Chicco Booster Seats Not As Safe As Advertised
Chicco Booster Seats Not As Safe As Advertised

A lawsuit has been filed against Artsana accusing the company of falsely claiming that its Chicco KidFit booster seats are safe for children weighing as little as 30 pounds and provide protection in side-impact crashes.

The suit, filed in September, focuses on the following seats: Chicco KidFit, KidFit 2-in-1, KidFit Zip Plus, KidFit Zip Air Plus, and the KidFit Adapt Plus Booster Seats.

According to the suit, experts have said for 20 years that booster seats are not safe for children weighing less than 40 pounds.

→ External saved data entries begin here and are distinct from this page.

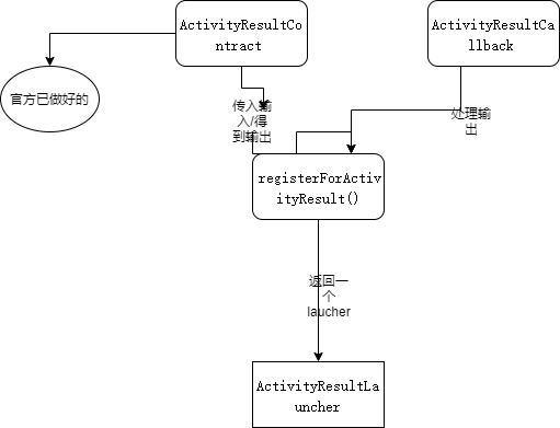 启动一个activity需要一个laucher,这个laucher由registerForActivityResult返回,这个方法需要两个参数,一个参数为一个抽象类——ActivityResultContract<I, O>的实现,另一个参数是一个函数式接口的实现(用一个lambda表达式来代替)。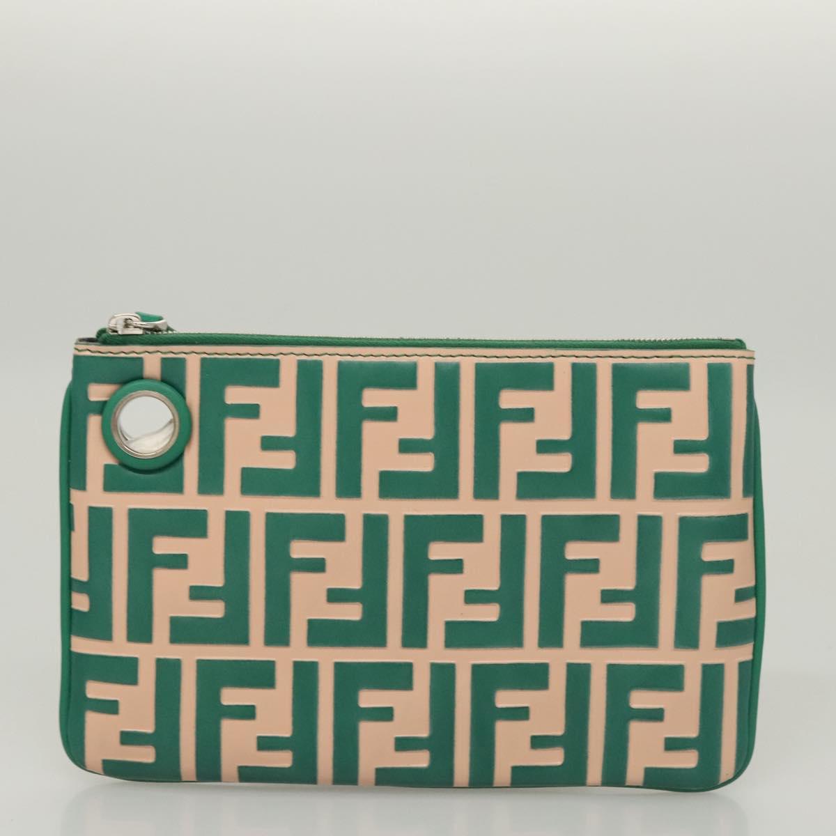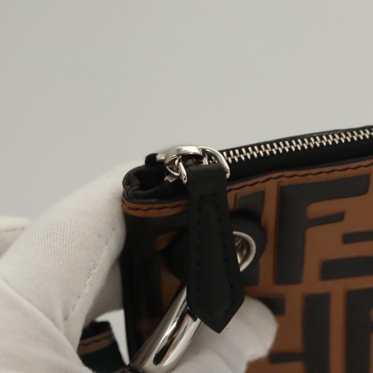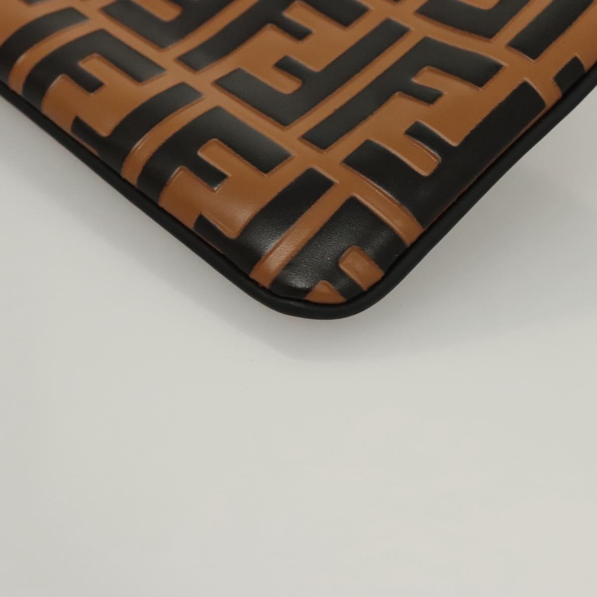FENDI Zucca Canvas Triplet Pouch Black Brown Red Auth ac3770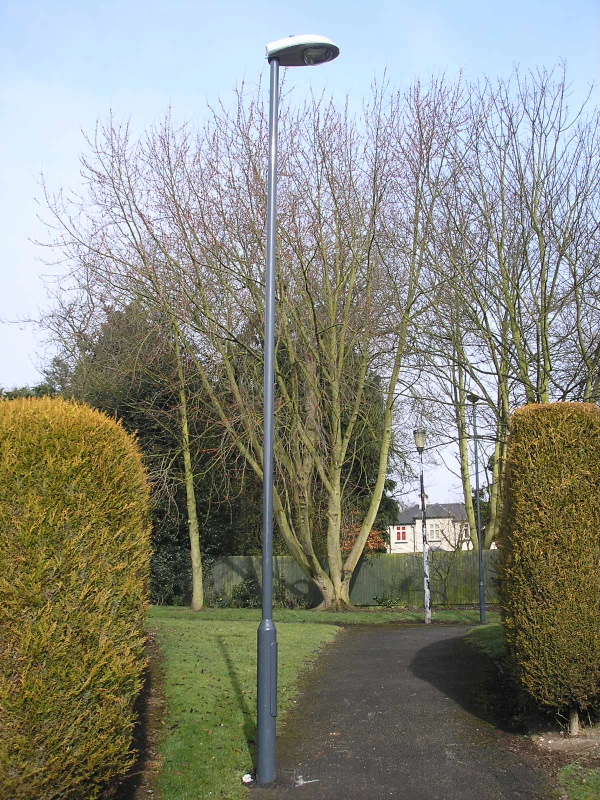 It can just be seen that the Z5698U is not fitted with a photocell; this is due to the outgoing lighting on the footpath being group-switched from a single control point. This column received several reports of vandalism in its final few years of existence, with the control point gaining new photocells on the 4th March, 21st April, and the 9th May 2005, as well as on the 21st December 2006 - I suspect that this might have been due to adjacent tree branches knocking the control cell out of its NEMA socket, rather than actual vandalism occurring. The lantern was last re-lamped on the 4th December 2006.

“As early as 2001, the National Highway Traffic Safety Administration (“NHTSA”) warned against the potential dangers of booster seat use by children weighing less than 40 pounds. According to NHTSA’s research, there is a 27% increased risk of moderate to fatal injuries for 3-to-4-year-olds when restrained in booster seats as compared to a fully-harnessed seat,” the suit filed by the law firm of Bursor & Fisher and Vozzolo.

And, last year, following a 10-month investigation into seven leading booster seat manufacturers, a Congressional subcommittee reached a damning conclusion:

“Artsana . . . deceptively marketed [its] booster seats with unsubstantiated claims about ‘safety features,’ while failing to disclose that those features have not been objectively shown to increase child safety.”

Its report went on to conclude that booster seat manufacturers including Artsana “endangered the lives of millions of American children and misled consumers about the safety of booster seats by failing to conduct appropriate side-impact testing, [and] deceiving consumers with false and misleading statements and material omissions about their side-impact testing protocols . . . and unsafely recommending that children under 40 pounds and as light as 30
pounds can use booster seats.”

“Despite the recent congressional findings and the decades-long consensus that booster seats are not safe for any child weighing less than 40 pounds, Artsana continued to market its Booster Seats as safe for children as small as 30 pounds, and as offering side-impact protection,” the suit says.

“In the absence of adequate federal regulation, Defendant ignored the prevailing safety knowledge and put profit over safety, making deceptive recommendations that mislead consumers into thinking its Products are safe for children as light as 30 pounds. Since their launch, Artsana has sold millions of Products and has likely earned hundreds of millions of dollars in profit.”